3.2 Results Table 2 and FIG. 4 show that particularly PEP 27-39 has a very good activity. PEP 33-38, PEP 32-39, PEP 30-37 and PEP 29-36 also still have an acceptable activity. The result with PEP 27-39 scr shows that not only the amino acid composition but also the amino acid sequence have an influence on the inhibiting action of a peptide on binding of LPS to monocytes.

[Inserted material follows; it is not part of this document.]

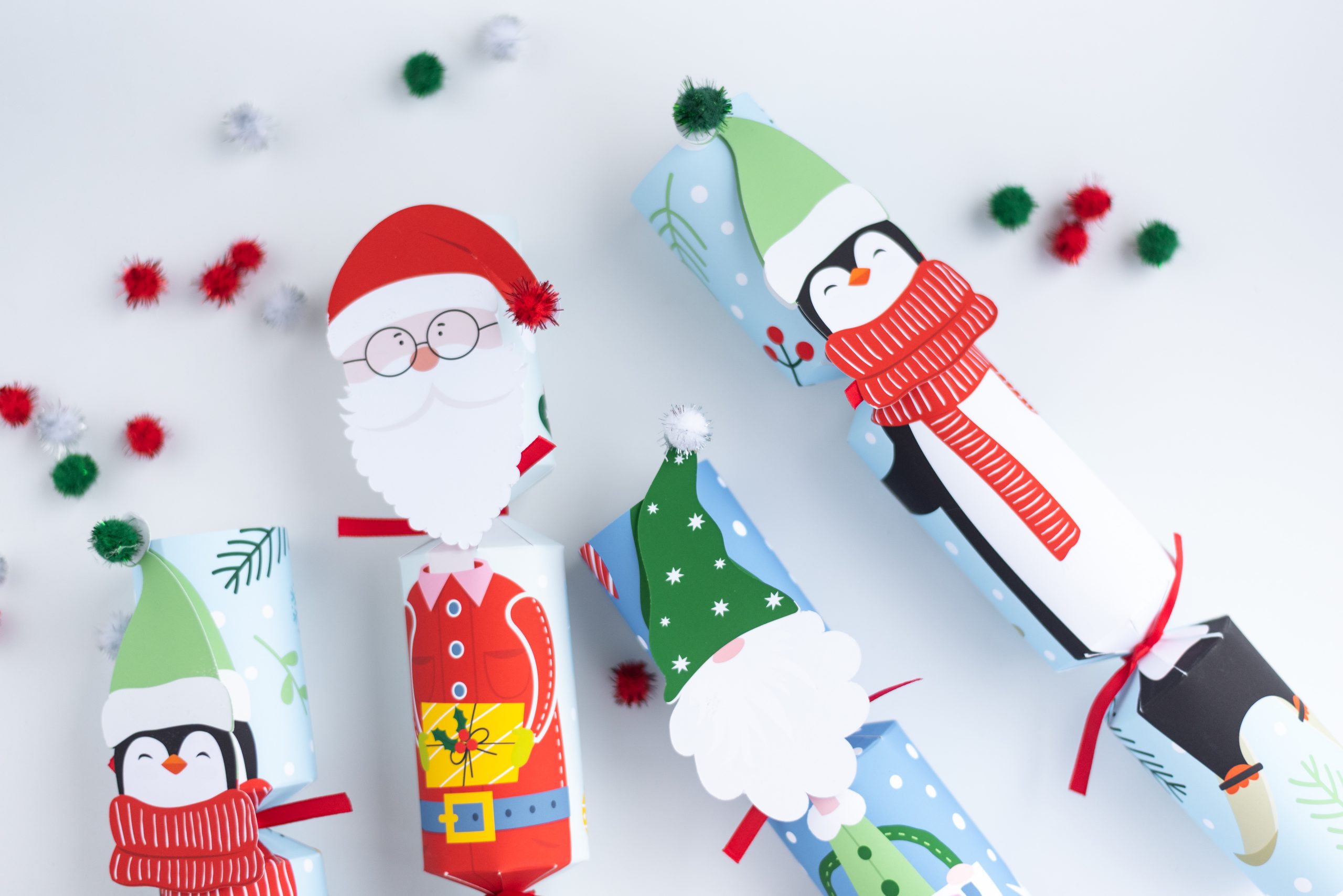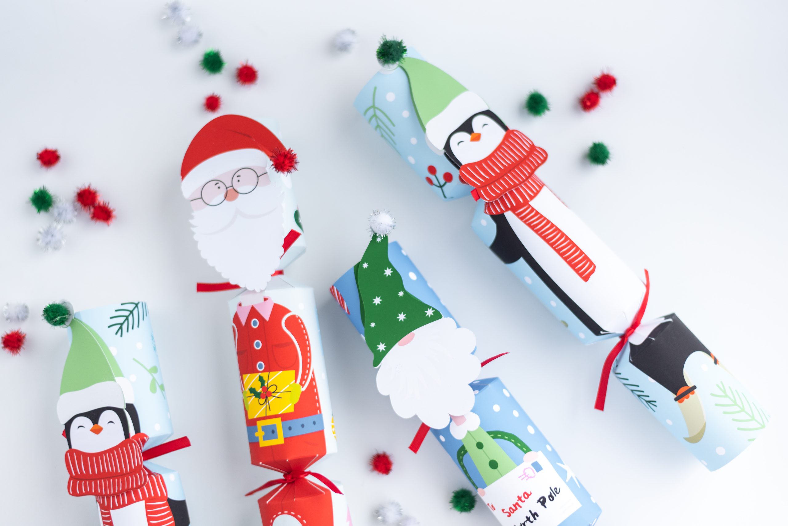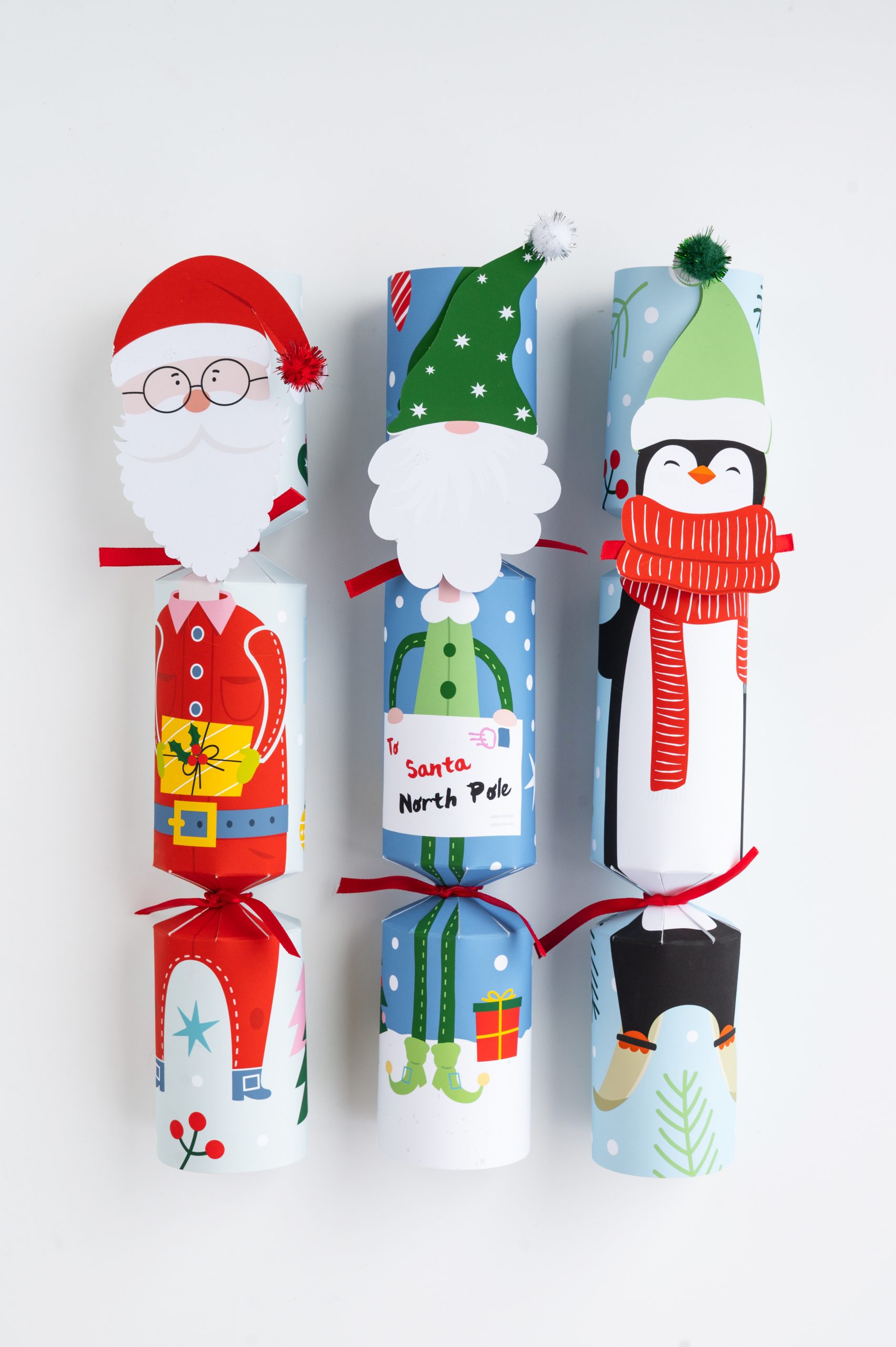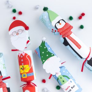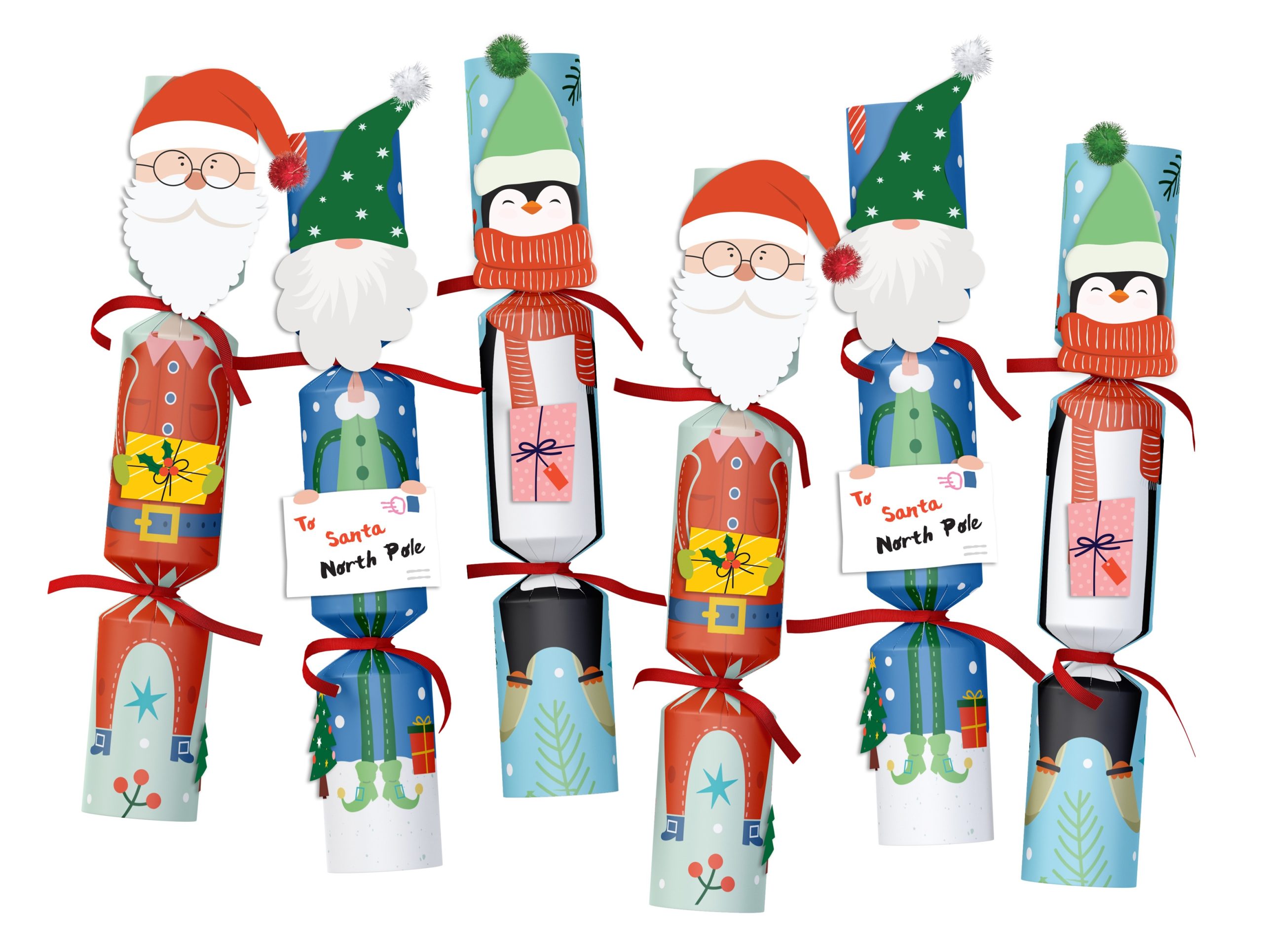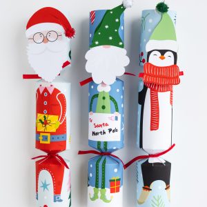 Each box contains 6 x crackers, 6 x character faces, 4 x presents, 2 x letters, 6 x pompoms, 12 x ribbons, 6 x snaps, 6 x jokes, 6 x hats

4.1 Materials and method Neutrophils are isolated from heparin blood of healthy volunteers via a Histopaque-Picoll gradient in accordance with a standard method (Van Amerafoort, E. S. & J. A. G. van Strijp, Cytometry 17, 294-301 (1994). The remaining erythrocytes in the neutrophil fraction are lysed with sterile water (for 30 seconds) and, after reinstatement of the isotonicity, the fraction is washed. The cells are finally inserted (suspended) in HGSS+2% Human Serum Albumin (HSA). Cells (1×104) are incubated with 1 ng/ml ReLPS, 30 ng/ml recombinant LPS-binding protein (r-LPS) and a sample SAP in a total volume of 100 μl for 30 minutes at 37° C. The samples are subsequently placed in a luminometer (Berthold; Autolumat LB953), whereafter via automatic injection luminol (180 μM) and 1 μM fMLP (formylmethyonyl-leucyl-phenylalanine) are added as stimulus to each tube. The luminescence response is measured continuously for 15 minutes and the results expressed as total luminescence response (area under the graph). See also Weersink et al., Immunology 83, 617-623 (1994).

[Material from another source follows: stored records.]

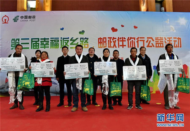 當(dāng)日,由中國郵政集團(tuán)公司西藏自治區(qū)分公司和青藏鐵路公司拉薩站共同組織的第三屆“幸福返鄉(xiāng)路·郵政伴你行”免費贈送火車票公益活動在拉薩火車站舉行。中國郵政集團(tuán)公司西藏自治區(qū)分公司出資20余萬元購買12月23日至12月26日拉薩至成都、重慶、西寧、蘭州方向共計436張火車票,免費贈送給西藏外來務(wù)工人員。青藏鐵路公司拉薩站為受助務(wù)工人員設(shè)置專用安檢通道和候車專區(qū)。
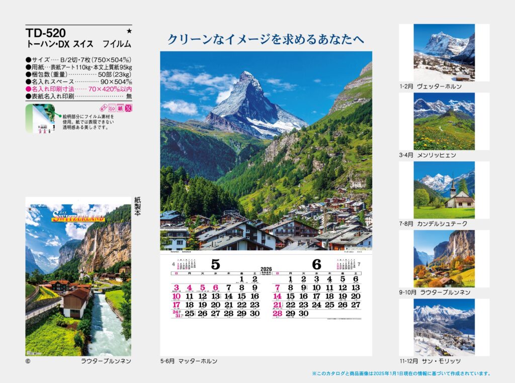 ・B2フィルム,2026年度 カレンダー,td520, 最安値,td-520,TD520,トーハン・DXスイスフイルム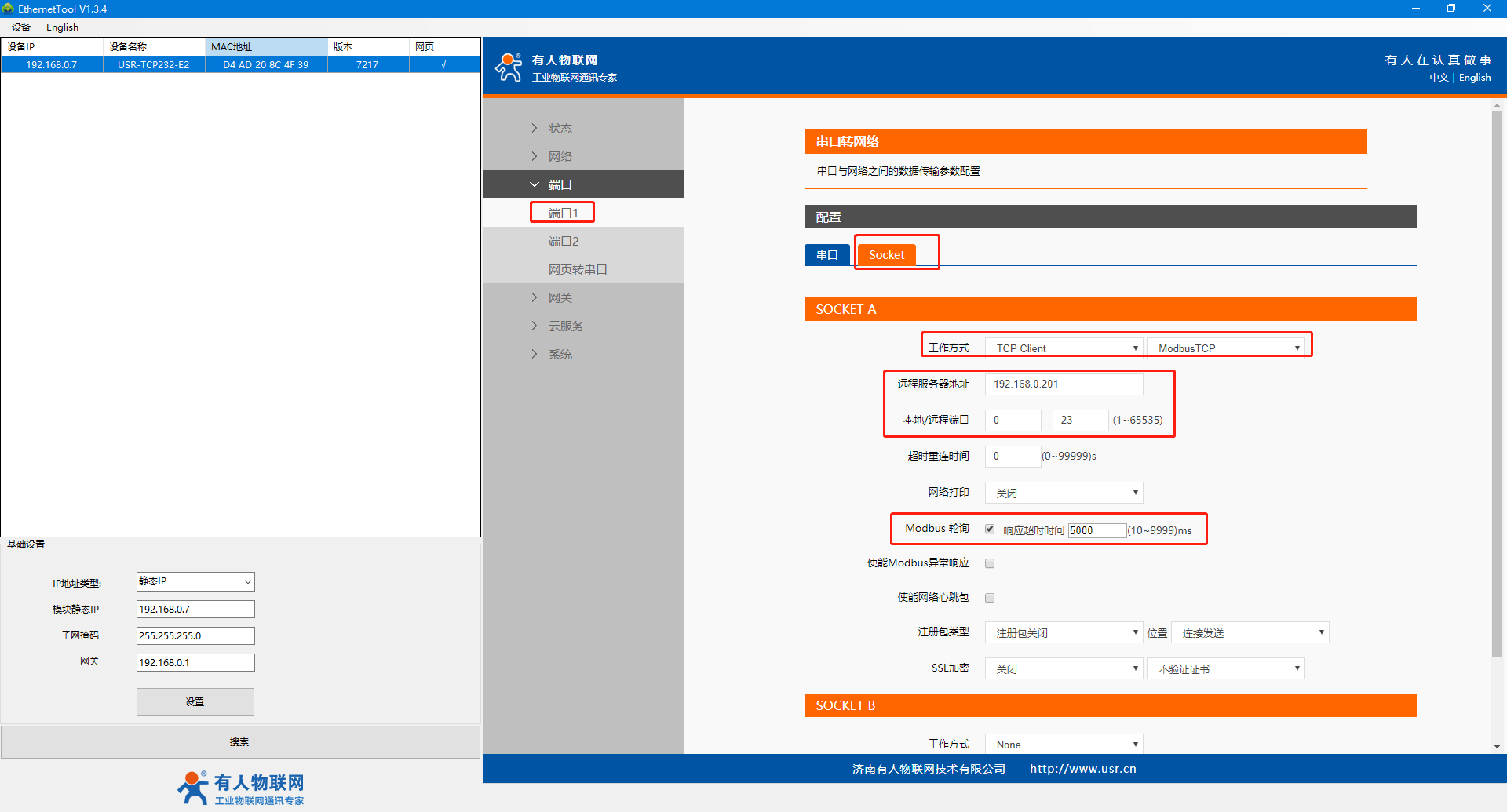 USR-TCP232-E2串口做主機MODBUS網關功能示例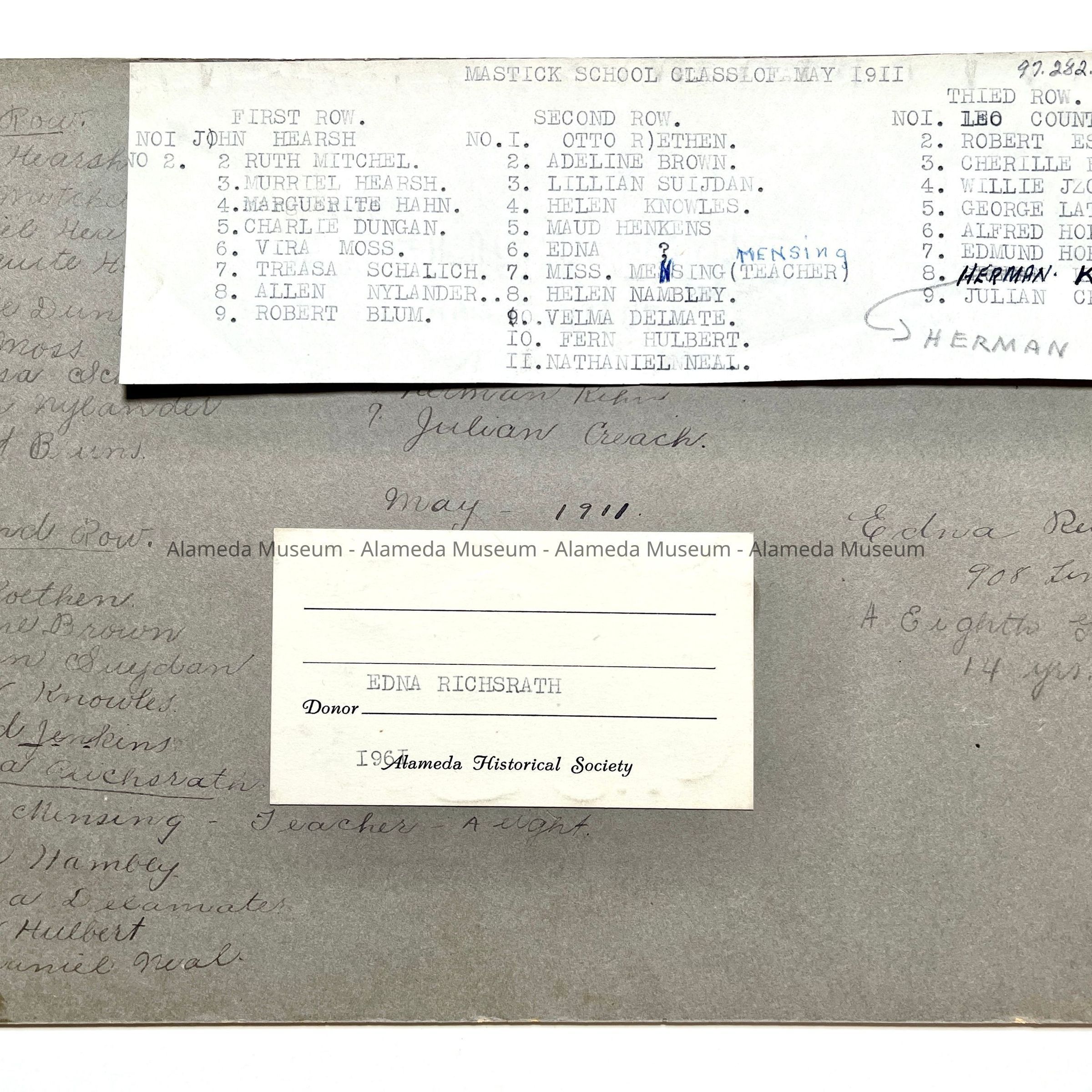 History of Object: Mastick School Class of 1941, posed outdoors. The class members are identified on the verso.

1. FIG. 3 shows the inhibition of the LPS “priming” of neutrophils by SAP. In the graph the luminescence counts are plotted against the measurement time (in minutes). This shows that the activation of meutrophils by LPS is greatly reduced by SAP. This is a strong indication that the toxicity of LPS can also be reduced in vivo by SAP.
5.1 Materials and method. In vivo protection experiments are performed in a peritonitis model in the mouse (Cross et al., Infect. and Immunity 61, 2741-2747 (1993)) with ReLPS or intact Gram-negative bacteria. The SAP preparation is incubated beforehand with ReLPS or O18K5 bacteria (Cross et al., supra) and subsequently administered intraperitoneally to BALB/c mice in a 3xLD50 dose. Survival was followed for 7 days.